_MATERIAL PROVIDED_
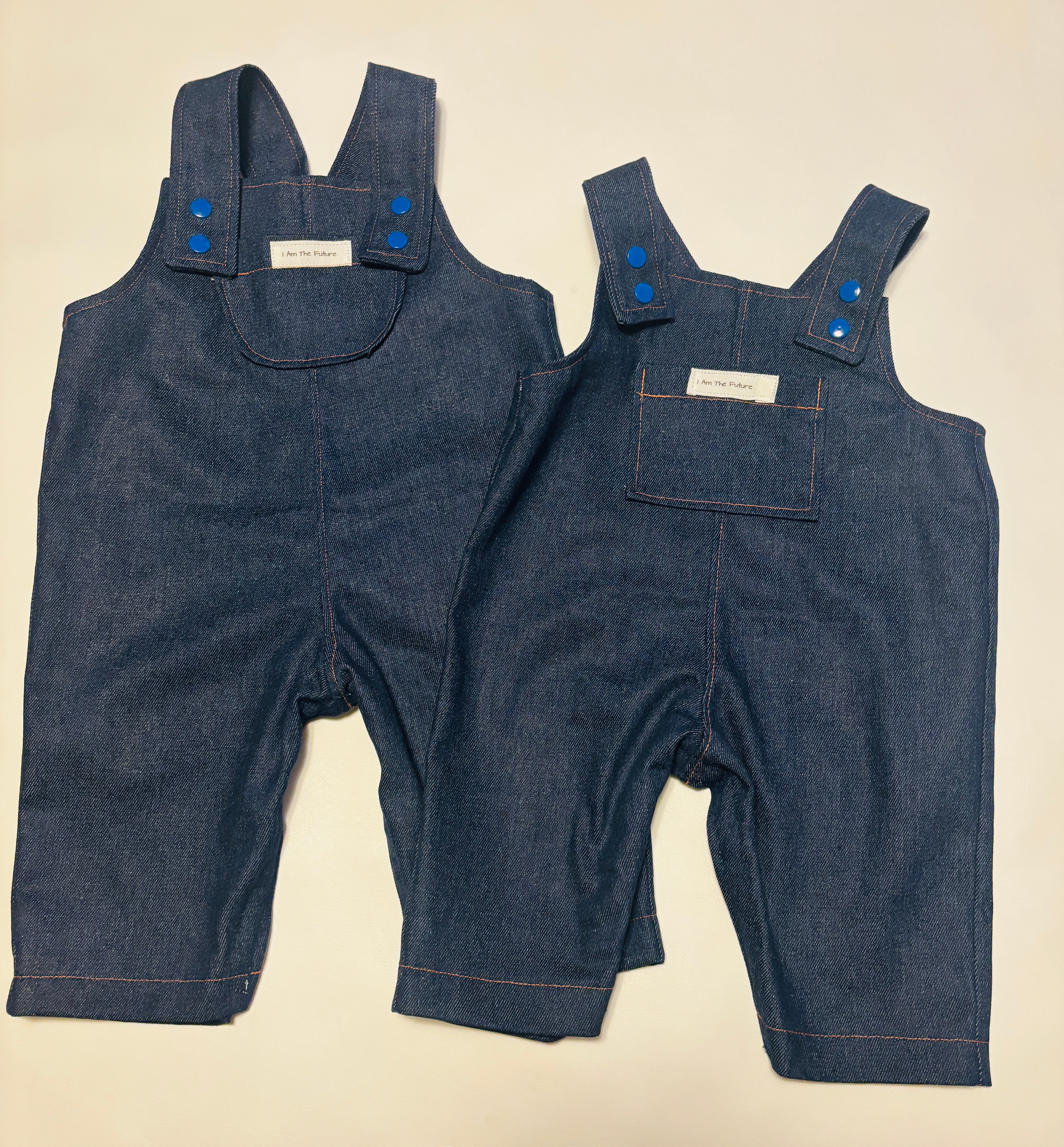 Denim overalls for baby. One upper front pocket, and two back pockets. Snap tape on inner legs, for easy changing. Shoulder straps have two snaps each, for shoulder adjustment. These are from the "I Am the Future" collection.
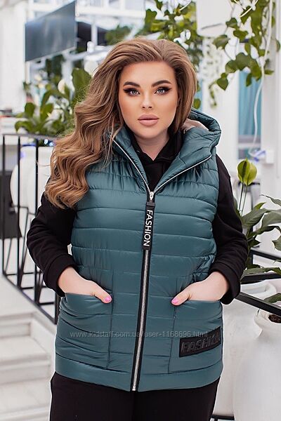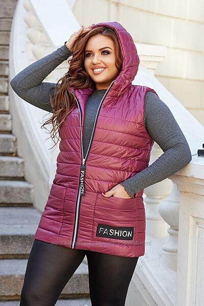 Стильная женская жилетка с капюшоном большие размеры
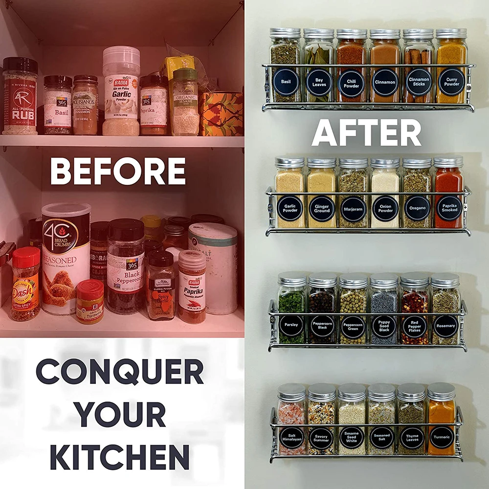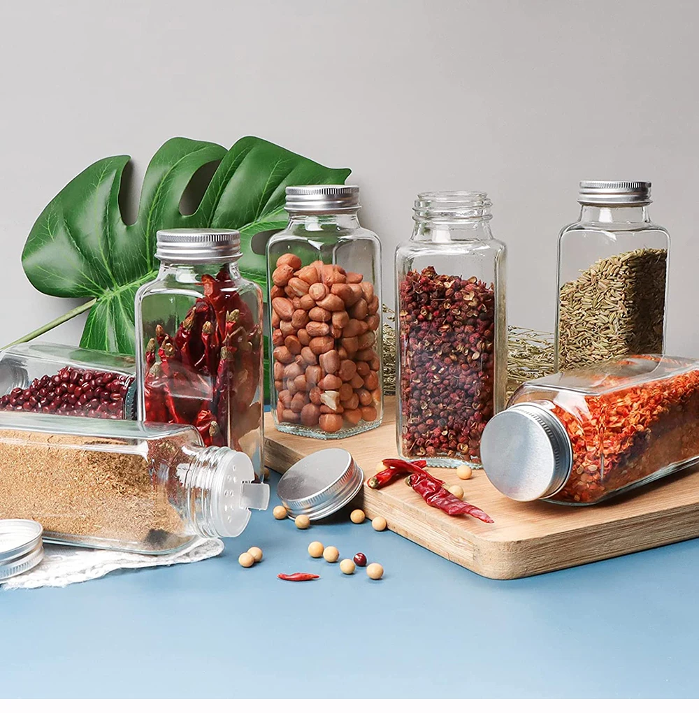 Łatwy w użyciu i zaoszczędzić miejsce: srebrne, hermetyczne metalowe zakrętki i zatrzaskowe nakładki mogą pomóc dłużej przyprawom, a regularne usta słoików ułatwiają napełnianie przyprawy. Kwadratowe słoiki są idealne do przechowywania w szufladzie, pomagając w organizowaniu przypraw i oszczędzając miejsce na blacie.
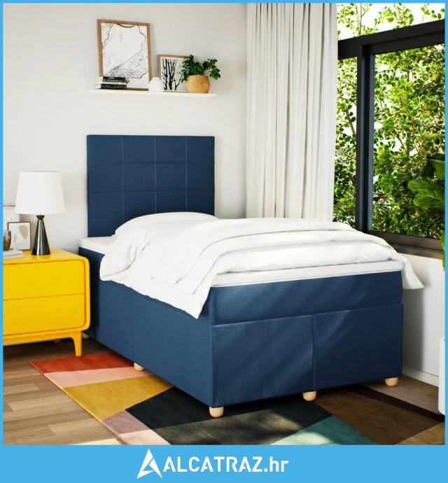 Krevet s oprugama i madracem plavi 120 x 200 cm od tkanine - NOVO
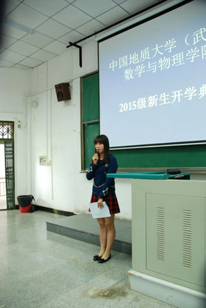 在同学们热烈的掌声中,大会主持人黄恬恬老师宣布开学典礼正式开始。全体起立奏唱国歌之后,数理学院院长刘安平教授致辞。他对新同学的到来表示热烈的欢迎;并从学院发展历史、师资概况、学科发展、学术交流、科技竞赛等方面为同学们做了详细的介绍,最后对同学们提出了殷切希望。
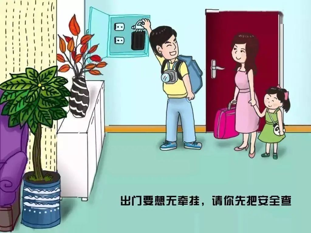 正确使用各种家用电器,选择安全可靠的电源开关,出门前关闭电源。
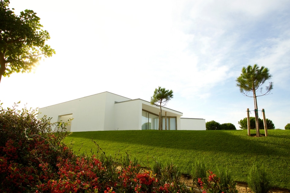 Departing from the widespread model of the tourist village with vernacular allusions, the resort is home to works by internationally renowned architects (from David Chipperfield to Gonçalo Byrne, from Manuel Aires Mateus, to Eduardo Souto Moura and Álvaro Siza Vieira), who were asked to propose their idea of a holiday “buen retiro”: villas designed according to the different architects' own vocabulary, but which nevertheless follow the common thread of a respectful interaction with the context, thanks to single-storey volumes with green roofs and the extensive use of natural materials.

_REQUIRED ACTION_
Starting with the line that holds "Krevet s oprugama", copy every line exactly through the final line of the material, but skip the pictures.

_FINISHED TASK_
 Krevet s oprugama i madracem plavi 120 x 200 cm od tkanine - NOVO
 在同学们热烈的掌声中,大会主持人黄恬恬老师宣布开学典礼正式开始。全体起立奏唱国歌之后,数理学院院长刘安平教授致辞。他对新同学的到来表示热烈的欢迎;并从学院发展历史、师资概况、学科发展、学术交流、科技竞赛等方面为同学们做了详细的介绍,最后对同学们提出了殷切希望。
 正确使用各种家用电器,选择安全可靠的电源开关,出门前关闭电源。
 Departing from the widespread model of the tourist village with vernacular allusions, the resort is home to works by internationally renowned architects (from David Chipperfield to Gonçalo Byrne, from Manuel Aires Mateus, to Eduardo Souto Moura and Álvaro Siza Vieira), who were asked to propose their idea of a holiday “buen retiro”: villas designed according to the different architects' own vocabulary, but which nevertheless follow the common thread of a respectful interaction with the context, thanks to single-storey volumes with green roofs and the extensive use of natural materials.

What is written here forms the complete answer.